Ayers John W, Caputi Theodore L, Nebeker Camille, Dredze Mark
1Division of Infectious Disease and Global Public Health, University of California San Diego, School of Medicine, La Jolla, CA USA.
2School of Public Health, College of Medicine and Health, University College Cork, Cork, Ireland.
NPJ Digit Med. 2018 Aug 2;1:30. doi: 10.1038/s41746-018-0036-2. eCollection 2018.

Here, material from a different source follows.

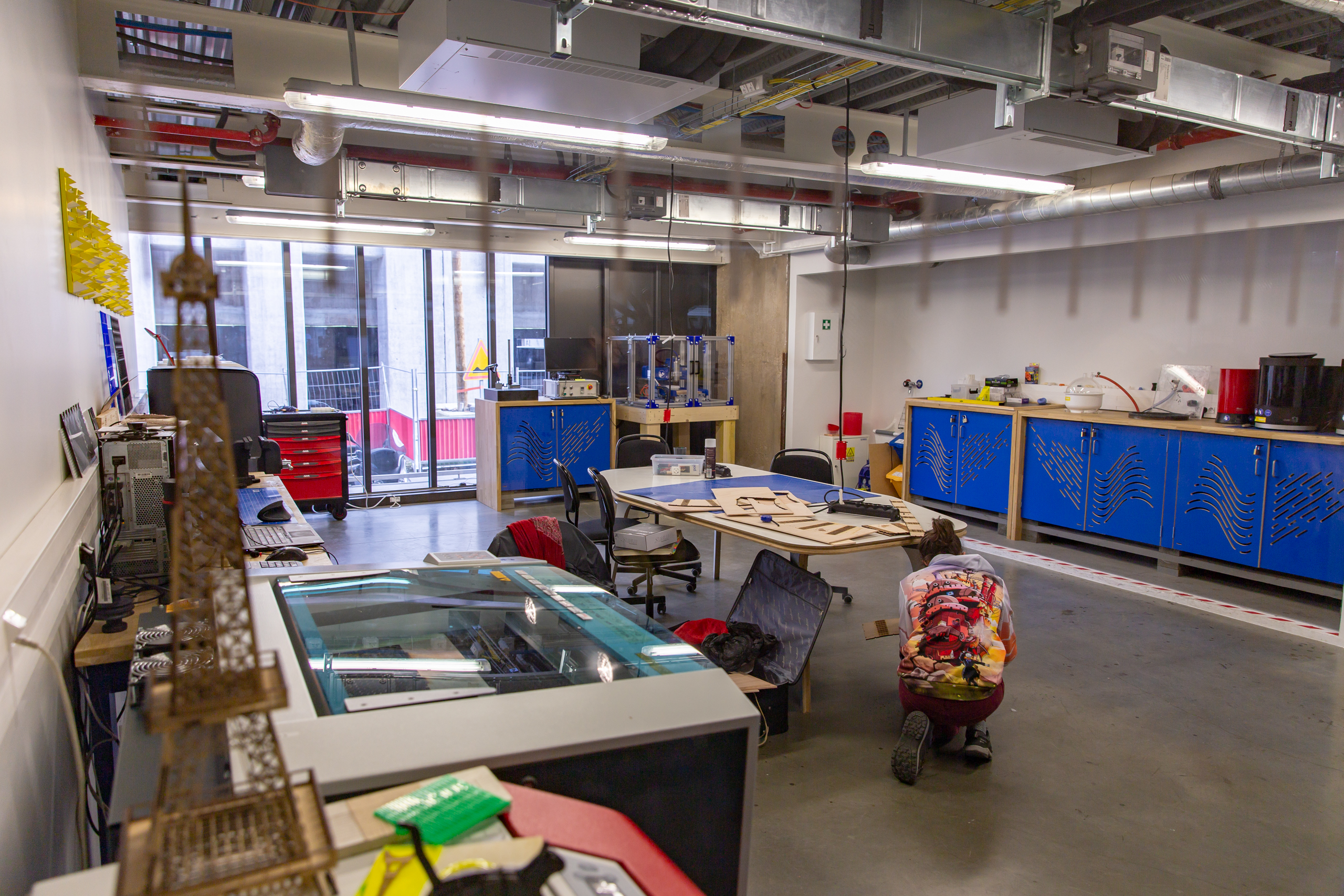 뒷쪽으로 난 통로에는 본격적인 공작실이 있었는데, 각종 공작 도구 및 고급 3D 프린터와 함께 재료들도 구비되어 있어 스타트업 누구나 여기서 시제품을 만들어볼 수 있었습니다. (단 비용부담은 좀 있다고 하네요.)

We investigated if participants in social media surveillance studies could be reverse identified by reviewing all articles published on PubMed in 2015 or 2016 with the words "Twitter" and either "read," "coded," or "content" in the title or abstract. Seventy-two percent (95% CI: 63-80) of articles quoted at least one participant's tweet and searching for the quoted content led to the participant 84% (95% CI: 74-91) of the time. Twenty-one percent (95% CI: 13-29) of articles disclosed a participant's Twitter username thereby making the participant immediately identifiable. Only one article reported obtaining consent to disclose identifying information and institutional review board (IRB) involvement was mentioned in only 40% (95% CI: 31-50) of articles, of which 17% (95% CI: 10-25) received IRB-approval and 23% (95% CI:16-32) were deemed exempt. Biomedical publications are routinely including identifiable information by quoting tweets or revealing usernames which, in turn, violates ICMJE ethical standards governing scientific ethics, even though said content is scientifically unnecessary. We propose that authors convey aggregate findings without revealing participants' identities, editors refuse to publish reports that reveal a participant's identity, and IRBs attend to these privacy issues when reviewing studies involving social media data. These strategies together will ensure participants are protected going forward.
我们通过检索2015年或2016年发表在PubMed上、标题或摘要中包含“Twitter”以及“阅读”“编码”或“内容”的所有文章,来研究社交媒体监测研究中的参与者是否会被反向识别。72%(95%置信区间:63 - 80)的文章引用了至少一名参与者的推文,通过搜索引用内容,84%(95%置信区间:74 - 91)的情况下能找到该参与者。21%(95%置信区间:13 - 29)的文章披露了参与者的Twitter用户名,从而使参与者可立即被识别。只有一篇文章报告获得了披露识别信息的同意,仅40%(95%置信区间:31 - 50)的文章提到了机构审查委员会(IRB)的参与,其中17%(95%置信区间:10 - 25)获得了IRB批准,23%(95%置信区间:16 - 32)被视为豁免。生物医学出版物经常通过引用推文或披露用户名来包含可识别信息,这反过来违反了国际医学期刊编辑委员会(ICMJE)关于科学伦理的道德标准,尽管这些内容在科学上并非必要。我们建议作者在不透露参与者身份的情况下传达汇总结果,编辑拒绝发表揭示参与者身份的报告,并且IRB在审查涉及社交媒体数据的研究时关注这些隐私问题。这些策略共同作用将确保参与者今后得到保护。